Solar Retinopathy

Features


Solar retinopathy describes a focal retinal injury occurring in the setting of intense light exposure, characteristically associated with sun-gazing. It is also known as eclipse retinopathy, eclipse burn, solar retinitis, and solar chorioretinal burn. Historical anecdotes linking direct sun-gazing to ocular damage date back to the time of Plato. Case reports began in the 17th century, and the first fundus findings were described with the advent of ophthalmoscopy in the early 20th century.


The primary mechanism implicated in solar retinopathy is a photochemical retinal injury from intense light exposure. Early studies reported thermal damage from light exposure leading to heat absorption and subsequent protein denaturation. Later studies have articulated the role of photochemical damage inciting free radical formation, DNA injury, and metabolic damage.

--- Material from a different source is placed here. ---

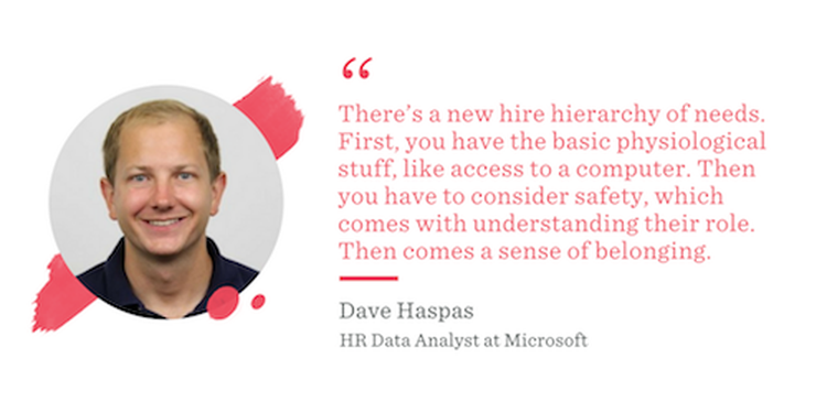 During the discussion, Dave brought up an excellent point about how a successful onboarding process should meet the new hire’s hierarchy of needs - from making sure they have the basics covered to cultivating a sense of belonging within the organization. Using people analytics data can help pinpoint what these needs might be, and whether or not they’re being met during the onboarding experience.

The degree of injury in solar retinopathy is determined by the intensity and duration of light exposure. Patients with emmetropia and low hyperopia are at increased risk given the sharp focus of light on the macula. Greater pupillary size at the time of exposure increases risk of retinal damage. Aphakic and young patients are also at greater risk as age-related lens changes yield progressive protective absorption of ultraviolet (UV) light not filtered by the cornea. The dominant eye is also at greater risk given the tendency to squint in the nondominant eye when sun-gazing. Thus, although solar retinopathy is a bilateral process, the damage can be asymmetric between the two eyes.


84.1.1 Common Symptoms


Common symptoms are blurred vision (usually 20/30 to 20/100), central or paracentral scotoma, dyschromatopsia, metamorphopsia, photophobia, and headache. Events preceding the onset of solar retinopathy include eclipse viewing without protective eyewear and protracted sun-gazing. Risk factors include psychiatric predisposition (e.g., schizophrenia), hallucinogenic drug use, or select religious rituals. Occurrence among sunbathers and aviation military personnel has been reported. Patients with direct exposure to visible-light laser pointers may present with similar symptoms. Patients may not readily connect the exposure event to the subsequent symptoms.


84.1.2 Exam Findings


In the acute phase (e.g., 1–7 days after exposure), fundus examination reveals a yellowish-gray spot or spots at or near the fovea (▶ Fig. 84.1, ▶ Fig. 84.2). Approximately 2 weeks after exposure, an oval-shaped outer lamellar defect is evident in the fovea, or juxtafoveal area. There may be associated pigmentary changes if the retinal pigment epithelium (RPE) is involved. In the chronic phase, pigmentary changes may abate, but cystoid or cavitary spaces remain (▶ Fig. 84.3, ▶ Fig. 84.4).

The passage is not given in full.